I'm not qualified to write this since I don't even know how to make the meshes for Minetest, and I don't know C either. But Minetest is a voxel game (much like Minecraft, except still in beta and open-source, and the default game is itself a mod). but a node is like a cube. Usually we used touse multiple nobeboxes to define the shape of that node (for example a stair, has one nodebox full-width, full-length, and bottom half-height. Then another nodebox which is half-length, full-width, and the top half of the height). But since 0.3 meshes can be used to optimise the faces and create complex shapes. many modders use blender. But goxel would work so well since it's simple, and forces you to use cubes (no slopes). I know that a mesh should be up-to 111 (some mods will use odd shapes to overlap), so exporting would be .obj and it would shrink so that the entire mesh is 111, rather than 646464. And then textures are removed (since Minetest uses separate textures). And it must also be a single face or 6 faces probably. Goxel would make hi-quality models so easy to make. resources: http://wiki.minetest.com/wiki/Using_Blender https://rubenwardy.com/minetest_modding_book/en/chapters/node_drawtypes.html Here is a sample mesh (can't be opened in goxel, requires blender) FM_tv.obj.zip

I'll try to use blender to create some meshes, maybe learn the mesh file format, then I'll try to make a tool to convert .obj goxel generates into .obj minetest can use. If I do that maybe after I'll be able to help you more. I should probably learn C or C++ though, I'm still using java.

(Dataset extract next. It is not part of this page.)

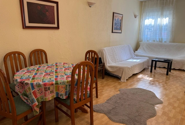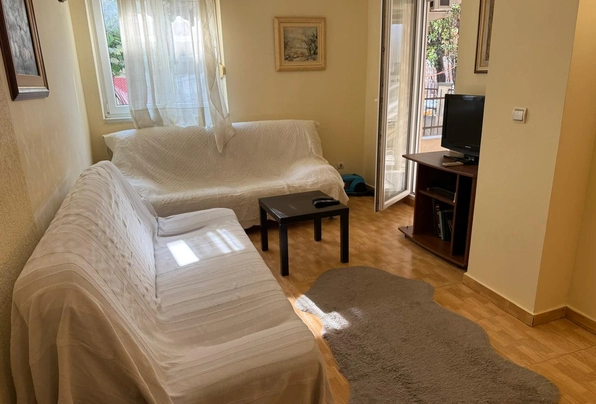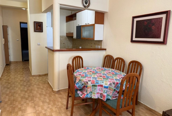 Budva, #7623 for long-term rent. The apartment is located on the 6th floor, has an elevator, and offers sea views. The 57 m² apartment consists of a living room with a kitchen and dining area, a terrace with sea views, two bedrooms, and two bathrooms (each with a washing machine and air conditioning). There is no garage parking, but there is ample parking around the building. A monthly parking pass at the TQ center is available for €120 per month. Payment terms include first month, last month, and deposit. Bills are billed separately.

guillaumechereau commented 6 years ago

I am still not quite sure. I think one way of doing what you want is to first export to obj from goxel, and then scale the model in blender to the size needed for minetest.

BrianGaucher commented 6 years ago

I have no idea either. I'll keep experimenting with modding, and try using meshes, (Youtube will help). Maybe later if I know how it works I'll see if it's possible to streamline from goxel to minetest. For the moment I can't do anything. If exporting from goxel to minetest could work, that would be appreciated by many modders though. Here is another link https://wiki.minetest.net/Using_Blender

SHMAUS-Carter commented 5 years ago

You might be able to use the minetest export plugin to export to obj or slt then import to goxel

bztsrc commented 4 years ago

Hi,

The problem is that at the moment, goxel doesn't support textured voxels, so I am not sure how it would look like.

It's not that problematic, substituting by an average color works fine imho. The real issue here is that Minetest palettes store names in strings instead of RGBA color codes, and they also need other properties like rotation info and probability values too. An extra difficulty, that those node names are not canonized, they depend on the Minetest world (which game and mods were enabled), so for example the same voxel sometimes is saved as "default:brick" and sometimes as "mcl_core:brick_block" in the palette.

Any reference to the format used in minetest?

https://dev.minetest.net/Minetest_Schematic_File_Format (the "official" spec, quite brief) https://gitlab.com/bztsrc/mtsedit/blob/master/docs/mts_format.md (unofficial, but more detailed)

What if there was a mode on goxel that allows one to import a specified section of a Minetest map?

I actually have a partial solution to that. See https://gitlab.com/bztsrc/mtsedit/

My Minetest schematic editor is far from Goxel in terms of available features, but it automatically assigns color codes to nodes, and it can export GIMP palettes, which then can be loaded into Goxel. The editor is also capable of importing Goxel GOX files, or convert them into MTS in batch mode. By default it looks up the name in the specified mapping which is the closest match to a voxel's color, but if you use the provided GIMP palette in Goxel, then you'll always have exact node matches (you still have to select a node name mapping). Other than that, it calculates probability values (always 100% for non-air nodes and air nodes inside rooms, and always 0% for air nodes outside), and sets rotation info to a constant facing north (which you can then fix in the editor before you save it in MTS format).

This works for the Goxel to Minetest workflow. There's no solution to the other way around: Minetest to Goxel is not possible as of yet (but I might add an MTS to something Goxel can read converter into my editor).